My real parents were dead before my first birthday. White policemen pulled my father over one night and claimed their lives were in danger when he reached for his wallet so they killed him. My mother’s death was ruled a mugging gone bad with no suspects or arrests. Her brother Frank and his wife Zulma raised me. They avoided conversations about my parents like many avoid talk of race and class. They were very American in that way. I remember.

 

The call for lights out bounces off pale gray tiled floors. One by one the fluorescent bulbs overhead are severed from their energy source. Darkness comes in intervals. Clicks and static muffled by padded walls. I remember. A bullet traveling through the right side of my body. In and out. I recall, “Drop your weapon!” after the fact. Everything before that day is a lie. I am constrained. Restrained. I lie awake remembering gunshots and fallen comrades.

We were from the diaspora.  Gringos with family ties to towns bearing Taino names. Yabucoa, Cayey, Humacao, Arecibo, Guayama. We were colonizer-cursed. Our true names replaced - Sanchez, Torres, García, Colondres, more lies, hidden beneath beautiful black and bronzed faces and bodies. A lost tribe of glorious brothers and sisters called to take back everything stolen from them, starting with our enchanted island of Borinquen. We were chosen.

When did I first hear the call? A dream.

 

Before I know it, the rock is leaving my hand and landing forcefully on the left side of the policeman’s head. The impact brings him to his knees and he drops the gun. “Run for your life!” I yell to Eugenio and that’s exactly what he does. Word on the street is that justice is defined by impartiality and objectivity in a rigged system of definitions so I sprint toward the officer and kick his gun as hard as I can and watch it disappear into a storm drain opening, I bellow a great big laugh then run down 19th make a right on Bryant and keep on going until my lungs burn.  Once safe I text Eugenio to make sure he’s okay and I can’t stop grinning. I see it all like a spectral projection of past and future and death assured, and I think not today you evil motherfucker. And then it dawns on me he didn’t see my face and I’m bent over, consumed in giddiness. I’m an anonymous avenger! I want my cape to be purple. Earth, Wind and Fire’s Fantasy is blaring through the clouds.

         Eugenio is dead. Whatever the headlines, another unarmed, unwhite man is dead, and damn it if he doesn’t look like me! Again! He’s shown in a picture taken for his yearbook: toothless smile, eyes already suspicious of it all yet, gleaming with the fire and promise within, collared shirt bought at Ross, his tio’s tie and a maroon velvet jacket his mom found on the sales rack at Urban Outfitters after asking Omar at the corner grocery to please wait until next month for what she owed. His name is Eugenio, born of a certain hue broke and betrayed, marked before being. America is like heaven, except when you’re being shot, caged, beaten, berated, belittled, blamed, and bullied.

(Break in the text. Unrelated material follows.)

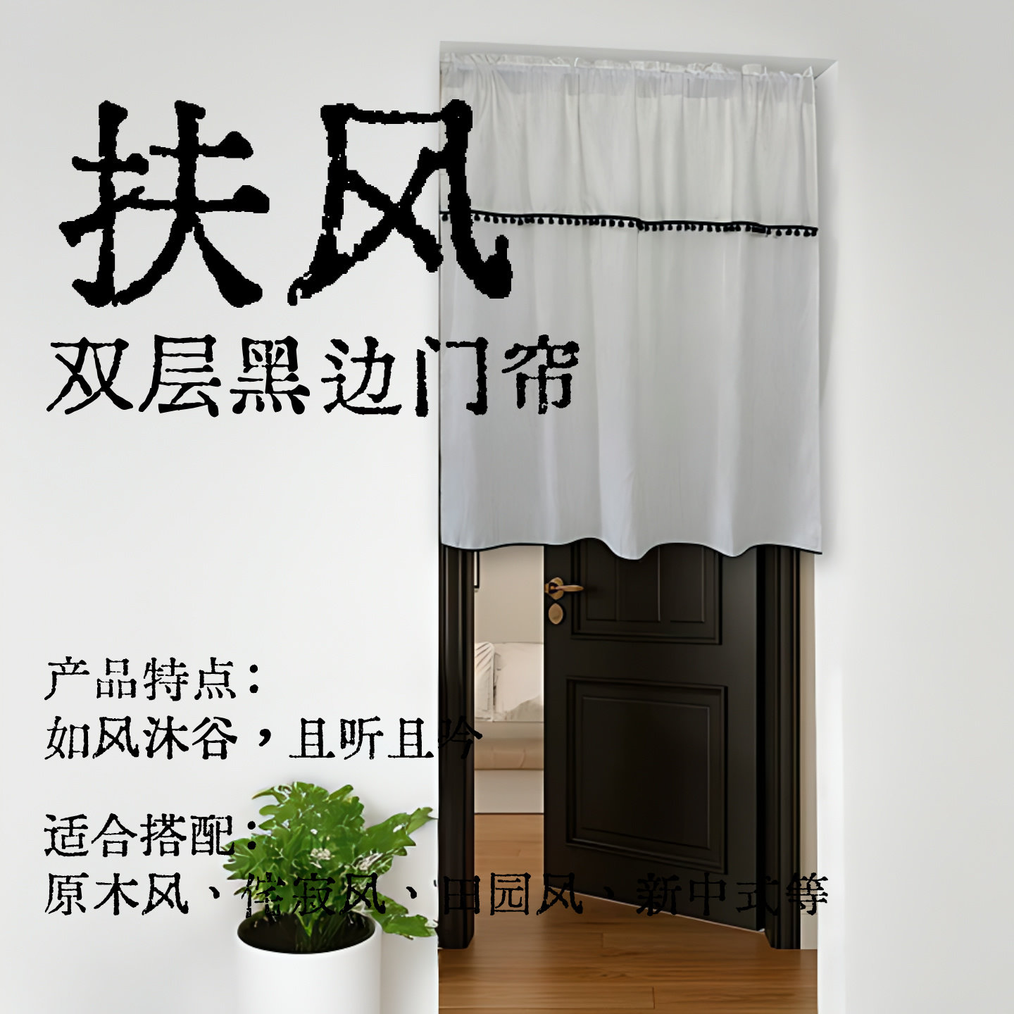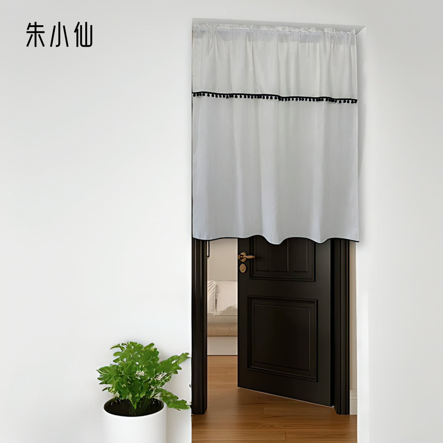 📚 朱小仙扶风纱双层亚麻门帘隔断窗帘半帘原木风民宿装饰黑边免打孔

Some cops really do enjoy hurting black and brown folk—but if you ask, who could possibly enjoy doing something like that, you are asking the wrong question. I think of myself an idealistic pragmatist, a patriot, except when grandma asks whether I’m Puerto Rican or American, then of course I say “Boriqua hasta la muerte, abuela!” with my clenched fist in the air. (She doesn’t quite get the concept that Puerto Ricans are American citizens). Isn’t it about power? Eugenio was always better than me at standing up to racists.

The U.S. is an unmovable object being slammed by the unstoppable forces of change, evolution and good ‘ol cosmic karma and I am a law abiding minority—except for in my soul, right in the center of my essence, is a bit of reckoning, recklessness, a patient knowing. Another bullet off his shoulder, another in his chest. Then he’s drifting away, (Papi;Eugenio) his life draining out before him as he disappears, forsaken. Another day in America. The dream, the experiment, the melting pot of humanity simmering under the violent flames of isms —it burns to touch, to taste. I emerge from my hiding place. Swish, go my Nikes on the puddled pavement. “Hasta la victoria, siempre!!!!” I shout. Hate is a bullet in my belly.